Why LLM factuality matters

Factuality is essential for maintaining the integrity of LLMs across various fields, from general knowledge to domain-specific applications like healthcare or law. For example, a physician relying on an LLM for medical advice risks making decisions that could endanger a patient's health if the model generates false information. Similarly, businesses could make costly strategic mistakes if they base decisions on inaccurate insights produced by an LLM.

Factual errors can result in not only operational risks but also legal and reputational damage. For example, an Australian mayor considered taking legal action after ChatGPT falsely accused him of bribery. This incident highlights how misinformation generated by LLMs can lead to defamation and damage a person’s reputation.

As LLMs are further integrated into critical systems like autonomous vehicles, ensuring factual accuracy becomes critical, as even a single error could lead to disastrous outcomes, highlighting the need for accurate AI-generated content.

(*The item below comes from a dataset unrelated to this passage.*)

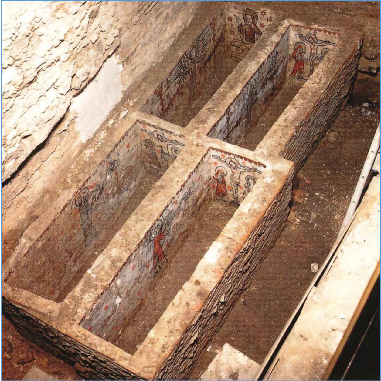
Figure 5 Fourteenth-century painted tombs discovered in St Salvator Cathedral, Bruges, in 1993. Photo: Magenta Brugge. Reproduced from Middeleeuwse murrschilderingen in Vlaanderen (Brussels, 1994), 71.

penitence, intercession, resurrection and salvation; it has been suggested that their repetitive employment reflects the growing powers of the mendicant orders, who were of course

Factuality vs. hallucinations

Factual errors involve incorrect or misleading real-world data, whereas hallucinations involve fabricated content that is not grounded in any factual basis. Hallucinations often occur when the model tries to fill in gaps or when it encounters topics outside its domain of knowledge. For example, if an LLM is asked about the biography of a historical figure like Albert Einstein:

Factuality example: An LLM might state that Einstein was awarded the Nobel Prize in Physics in 1932 (it was actually 1921), a factual error due to incorrect data.
Hallucination example: In another scenario, the LLM might claim that Einstein was also a talented painter and sculptor, a completely fabricated statement with no real basis.

While both issues can undermine trust in LLM-generated content, they are distinct challenges and addressing them requires different approaches.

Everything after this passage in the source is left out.